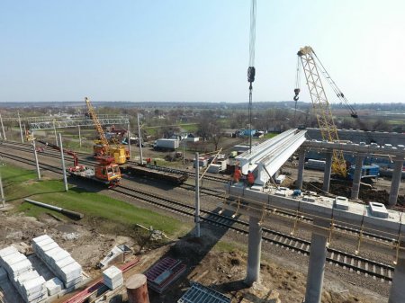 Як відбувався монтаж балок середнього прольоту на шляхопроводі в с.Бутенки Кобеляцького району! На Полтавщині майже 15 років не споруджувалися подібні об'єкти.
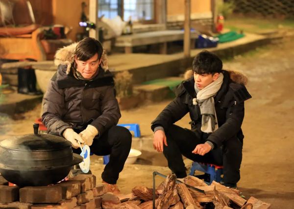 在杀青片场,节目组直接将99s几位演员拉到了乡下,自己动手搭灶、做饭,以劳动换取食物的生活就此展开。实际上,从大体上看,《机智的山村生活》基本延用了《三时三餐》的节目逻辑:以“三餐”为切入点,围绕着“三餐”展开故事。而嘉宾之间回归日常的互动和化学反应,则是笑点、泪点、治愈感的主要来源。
----------
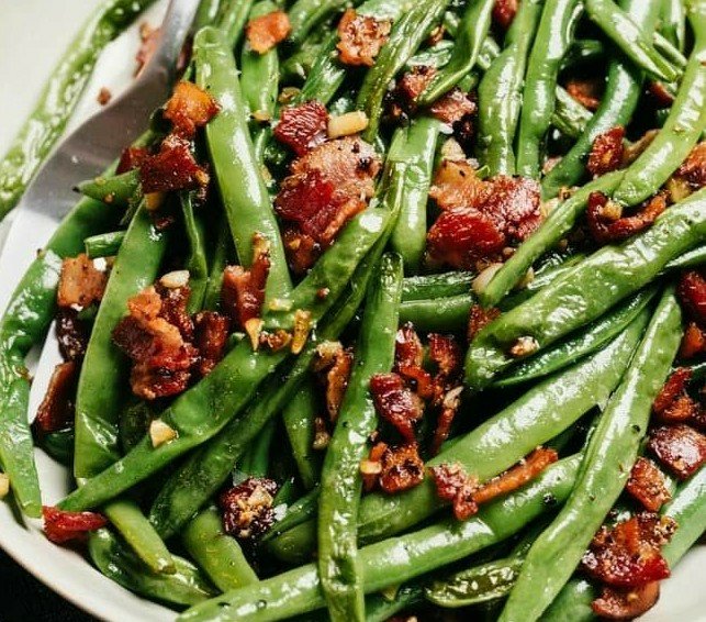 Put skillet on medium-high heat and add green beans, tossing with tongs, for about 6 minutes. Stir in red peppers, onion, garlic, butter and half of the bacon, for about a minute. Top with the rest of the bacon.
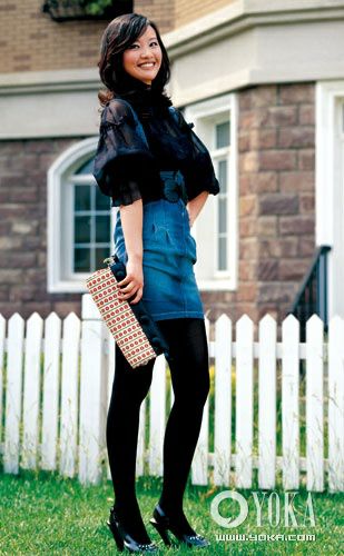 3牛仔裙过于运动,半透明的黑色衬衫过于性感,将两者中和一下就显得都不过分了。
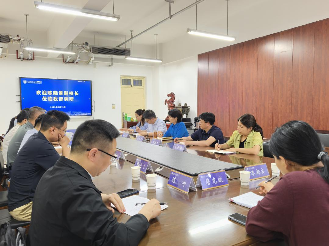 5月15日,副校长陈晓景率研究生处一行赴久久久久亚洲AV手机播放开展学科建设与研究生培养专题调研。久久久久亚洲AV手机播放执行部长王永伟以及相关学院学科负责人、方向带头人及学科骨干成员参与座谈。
----------
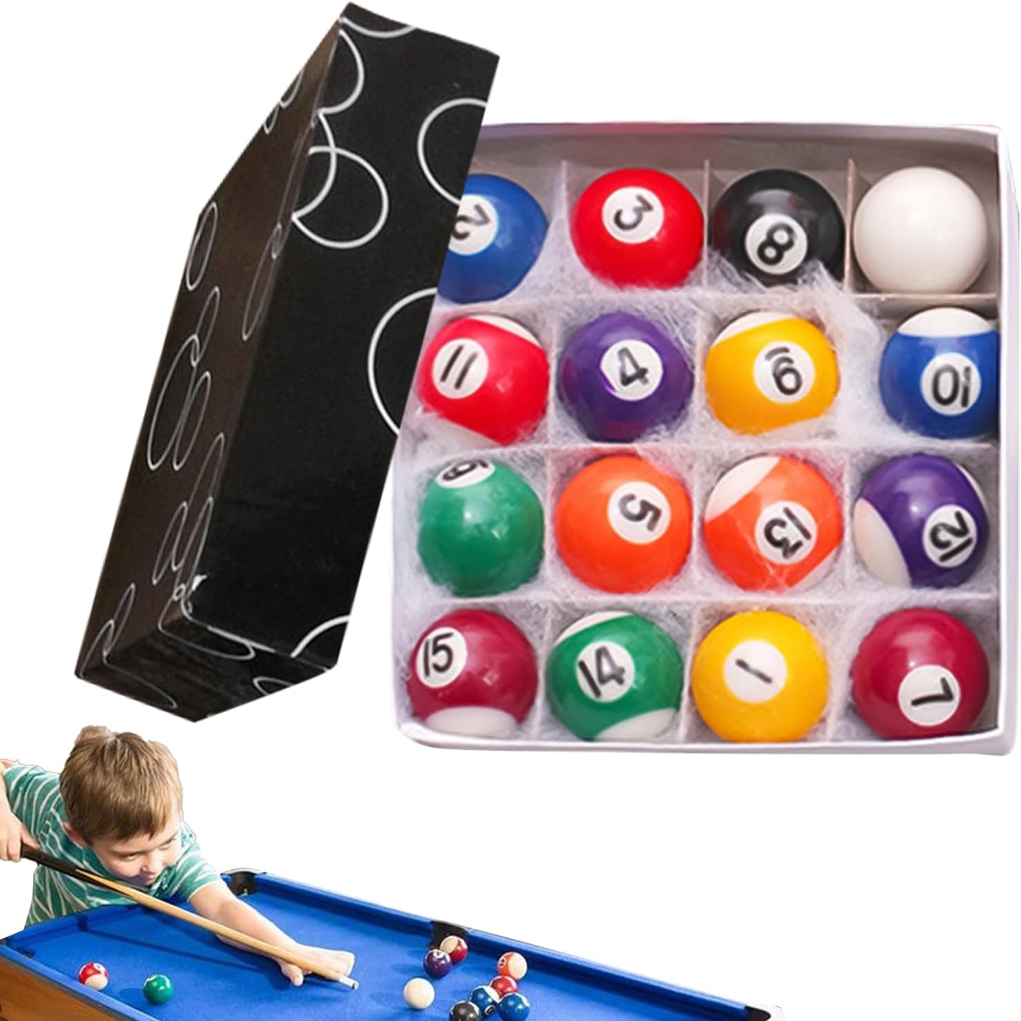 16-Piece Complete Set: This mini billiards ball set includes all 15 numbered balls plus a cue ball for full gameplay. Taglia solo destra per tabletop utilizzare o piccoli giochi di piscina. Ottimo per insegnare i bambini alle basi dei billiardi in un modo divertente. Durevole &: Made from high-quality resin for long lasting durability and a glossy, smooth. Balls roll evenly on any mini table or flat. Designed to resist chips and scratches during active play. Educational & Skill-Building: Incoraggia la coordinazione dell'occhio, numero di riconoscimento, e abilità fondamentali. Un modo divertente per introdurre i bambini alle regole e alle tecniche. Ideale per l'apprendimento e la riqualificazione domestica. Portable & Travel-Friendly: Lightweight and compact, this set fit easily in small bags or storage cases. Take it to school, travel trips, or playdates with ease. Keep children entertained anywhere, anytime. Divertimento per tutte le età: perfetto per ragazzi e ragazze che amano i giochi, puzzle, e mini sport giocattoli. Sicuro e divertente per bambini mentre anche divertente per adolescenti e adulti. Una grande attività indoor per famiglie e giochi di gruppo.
----------
→ **REQUIREMENT**:
Both the line above containing "3牛仔裙过于运动,半透明的黑色衬衫过于性感,将两者中和一下就显得都不过分了。" and the line containing "5月15日,副校长陈晓景率研" belong in the copy, along with every line between them; print these exactly and omit the pictures.

→ **RESPONSE AREA**:
 3牛仔裙过于运动,半透明的黑色衬衫过于性感,将两者中和一下就显得都不过分了。
 5月15日,副校长陈晓景率研究生处一行赴久久久久亚洲AV手机播放开展学科建设与研究生培养专题调研。久久久久亚洲AV手机播放执行部长王永伟以及相关学院学科负责人、方向带头人及学科骨干成员参与座谈。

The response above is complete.